§ **INSTRUCTIONS TO FOLLOW**: From the listing that follows, reproduce only the lines from the one holding "The infection continues" through the one holding "会议第二项讨论了关于接收李国", both included, with no pictures.

§ **AVAILABLE RECORDS**:
---

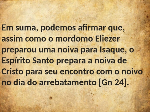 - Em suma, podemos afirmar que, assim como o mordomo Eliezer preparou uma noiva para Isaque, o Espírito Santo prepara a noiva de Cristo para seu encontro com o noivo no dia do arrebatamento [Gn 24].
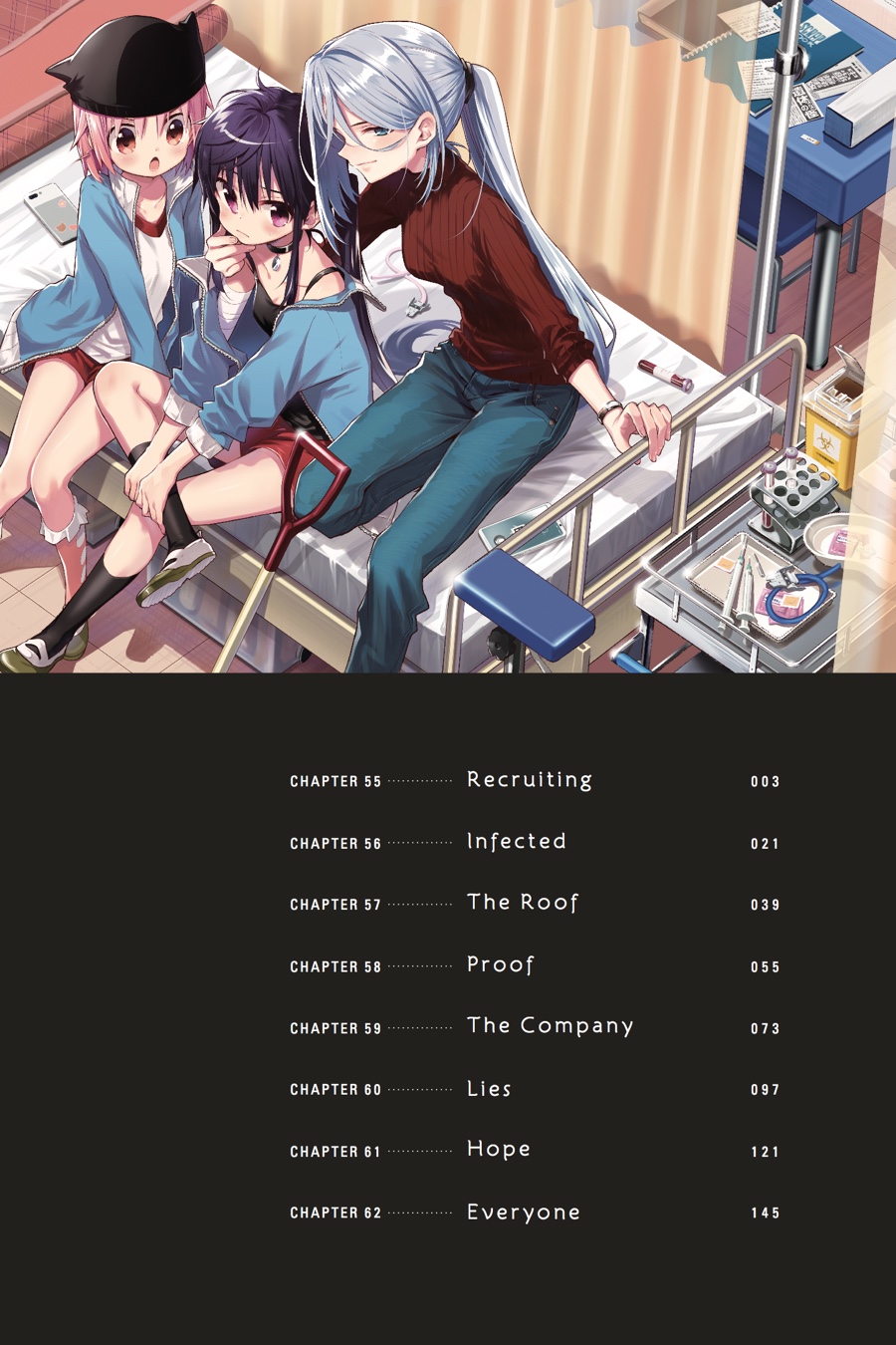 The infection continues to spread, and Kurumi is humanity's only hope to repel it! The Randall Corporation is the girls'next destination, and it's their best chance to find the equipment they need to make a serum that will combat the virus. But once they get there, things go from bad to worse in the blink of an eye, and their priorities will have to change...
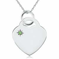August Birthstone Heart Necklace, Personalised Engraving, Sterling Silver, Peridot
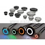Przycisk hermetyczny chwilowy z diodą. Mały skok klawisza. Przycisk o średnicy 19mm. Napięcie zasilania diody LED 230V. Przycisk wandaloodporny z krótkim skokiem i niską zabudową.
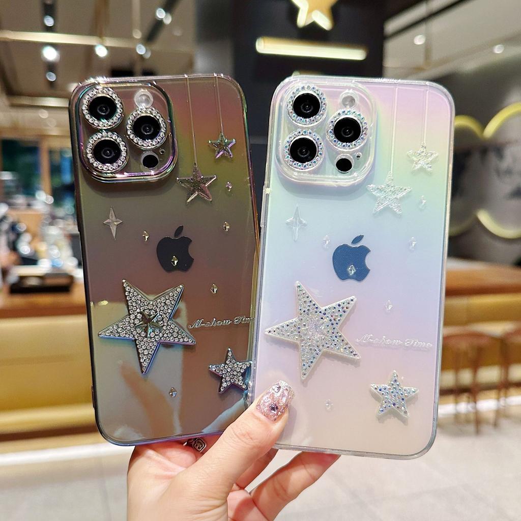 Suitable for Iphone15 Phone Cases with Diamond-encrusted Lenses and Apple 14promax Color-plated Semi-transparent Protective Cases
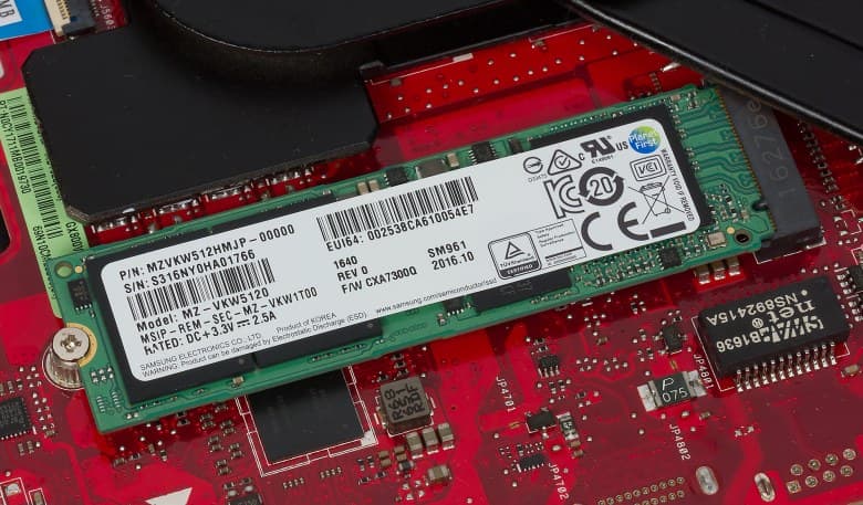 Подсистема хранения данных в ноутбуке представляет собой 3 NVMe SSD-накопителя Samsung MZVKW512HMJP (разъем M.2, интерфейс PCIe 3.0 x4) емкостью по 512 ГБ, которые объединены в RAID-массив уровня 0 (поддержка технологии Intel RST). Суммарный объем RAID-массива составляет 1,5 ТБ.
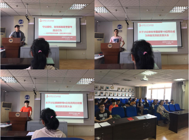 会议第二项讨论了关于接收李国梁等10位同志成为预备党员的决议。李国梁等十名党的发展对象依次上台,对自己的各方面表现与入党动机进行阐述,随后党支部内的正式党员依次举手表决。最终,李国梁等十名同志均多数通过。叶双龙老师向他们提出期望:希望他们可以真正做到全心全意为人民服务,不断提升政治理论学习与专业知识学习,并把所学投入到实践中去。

---

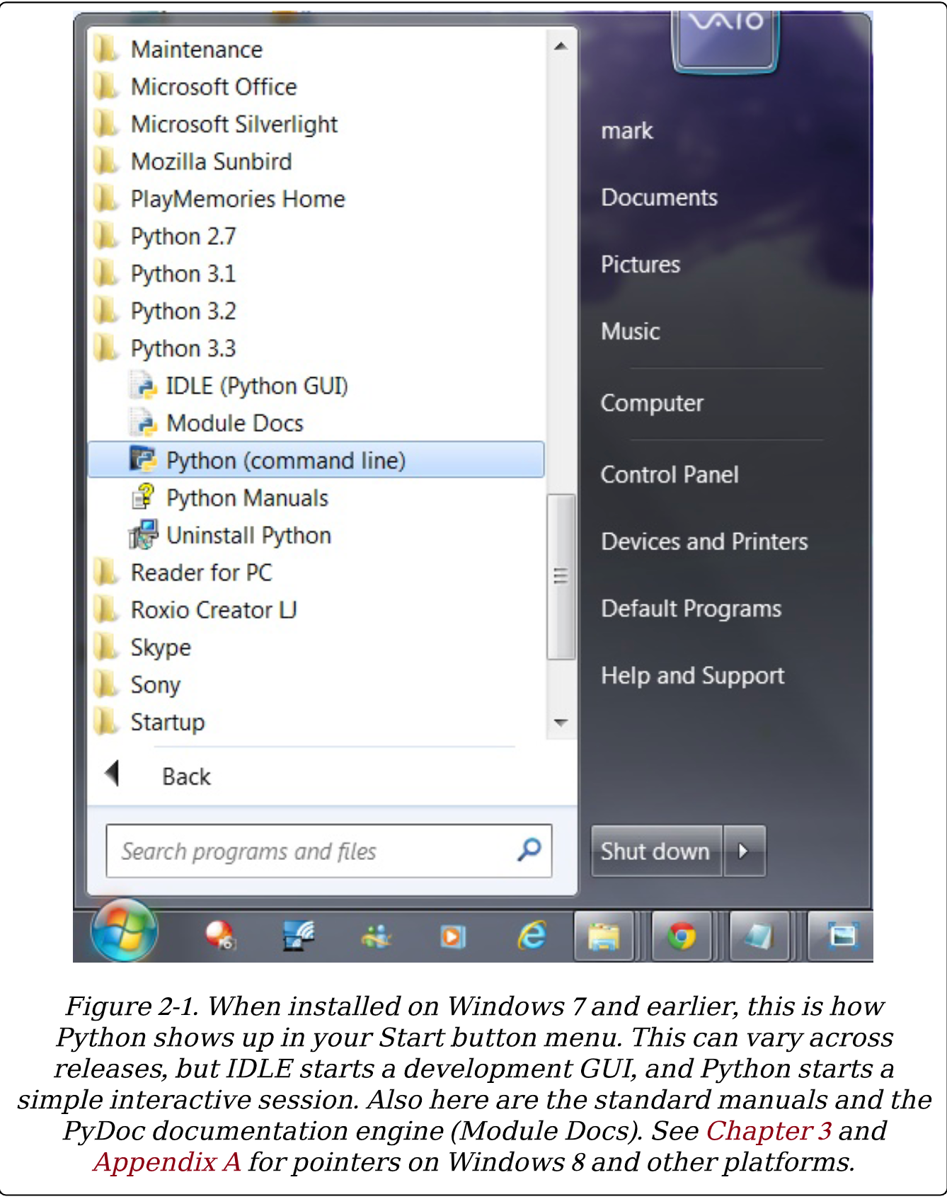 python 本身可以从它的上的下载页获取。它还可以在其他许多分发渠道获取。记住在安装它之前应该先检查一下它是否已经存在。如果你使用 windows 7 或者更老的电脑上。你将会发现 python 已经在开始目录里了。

---

§ **YOUR RESPONSE**:
 The infection continues to spread, and Kurumi is humanity's only hope to repel it! The Randall Corporation is the girls'next destination, and it's their best chance to find the equipment they need to make a serum that will combat the virus. But once they get there, things go from bad to worse in the blink of an eye, and their priorities will have to change...
August Birthstone Heart Necklace, Personalised Engraving, Sterling Silver, Peridot
Przycisk hermetyczny chwilowy z diodą. Mały skok klawisza. Przycisk o średnicy 19mm. Napięcie zasilania diody LED 230V. Przycisk wandaloodporny z krótkim skokiem i niską zabudową.
 Suitable for Iphone15 Phone Cases with Diamond-encrusted Lenses and Apple 14promax Color-plated Semi-transparent Protective Cases
 Подсистема хранения данных в ноутбуке представляет собой 3 NVMe SSD-накопителя Samsung MZVKW512HMJP (разъем M.2, интерфейс PCIe 3.0 x4) емкостью по 512 ГБ, которые объединены в RAID-массив уровня 0 (поддержка технологии Intel RST). Суммарный объем RAID-массива составляет 1,5 ТБ.
 会议第二项讨论了关于接收李国梁等10位同志成为预备党员的决议。李国梁等十名党的发展对象依次上台,对自己的各方面表现与入党动机进行阐述,随后党支部内的正式党员依次举手表决。最终,李国梁等十名同志均多数通过。叶双龙老师向他们提出期望:希望他们可以真正做到全心全意为人民服务,不断提升政治理论学习与专业知识学习,并把所学投入到实践中去。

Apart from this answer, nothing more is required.